We performed a follow-up analysis of cortical thinning in regions previously identified in a cohort of older people with psychosis or bipolar disorder (Table S4 in Additional file 1). Our psychosis group had reduced cortical thickness in the bilateral inferior frontal gyrus compared to the bipolar or control groups (age-adjusted mean cortical thickness in the left inferior frontal gyrus, PSY 5.46 mm, BPD 5.64 mm, CON 5.59 mm; right inferior frontal gyrus, PSY 5.36 mm, BPD 5.55 mm, CON 5.54 mm). The bipolar group had reduced cortical thickness in the right superior parietal gyrus compared to the psychosis or control groups (age-adjusted mean cortical thickness PSY 2.37 mm, BPD 2.31 mm, CON 2.36 mm). Other regions investigated were of small or no significant effect size.
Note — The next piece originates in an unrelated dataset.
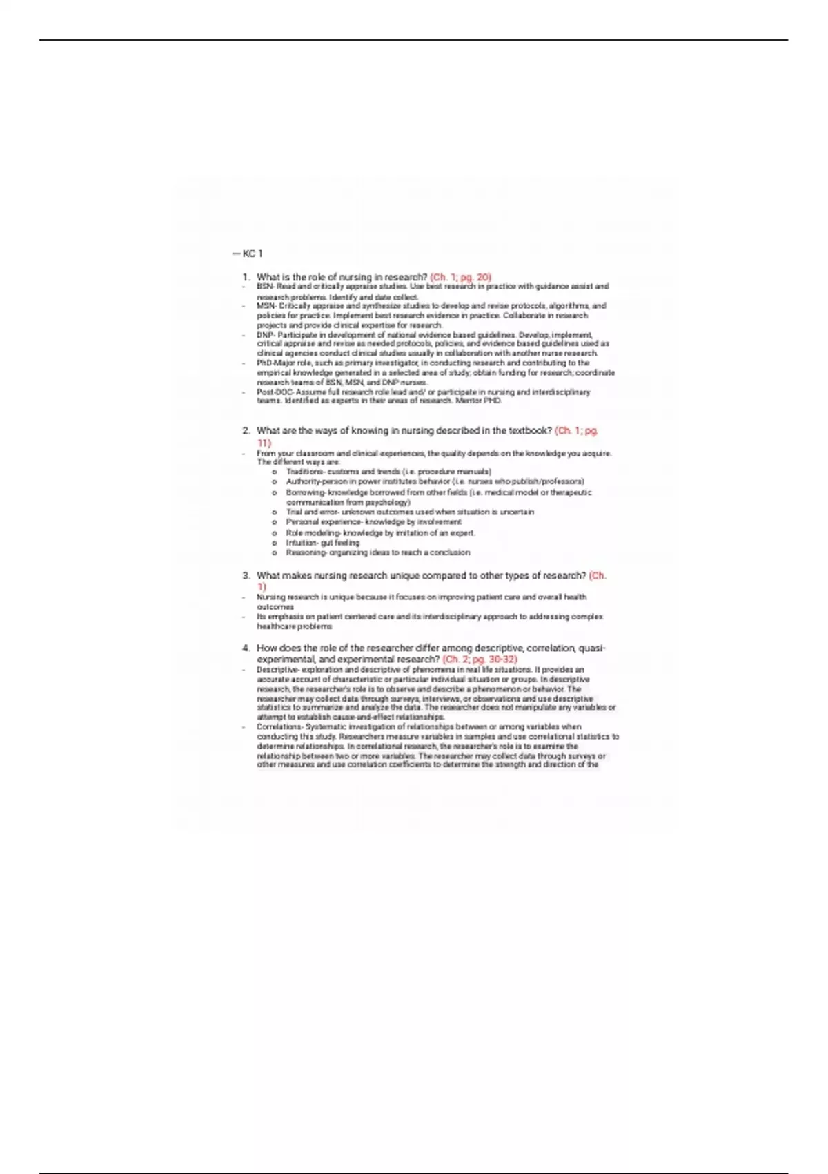 1. What is the role of nursing in research? (Ch. 1; pg. 20)

Neurocognitive correlations

Correlation analysis across all subjects with psychosis and bipolar disorders found several neurocognitive domains that were associated with cortical thinning in these ROIs (Table 7). Of particular note, cortical thinning of the right supramarginal gyrus was correlated with worse performance in visual sustained attention (RVP mean latency, r = 0.30, n = 95, p = 0.004; RVP-A’, r = 0.21, n = 96, p = 0.038), semantic verbal fluency (COWAT Animals, r = 0.26, n = 98, p = 0.012) and verbal learning and verbal memory (RAVLT A7, r = 0.24, n = 101, p = 0.017). Duration of illness was not associated with any of the neurocognitive tasks analysed.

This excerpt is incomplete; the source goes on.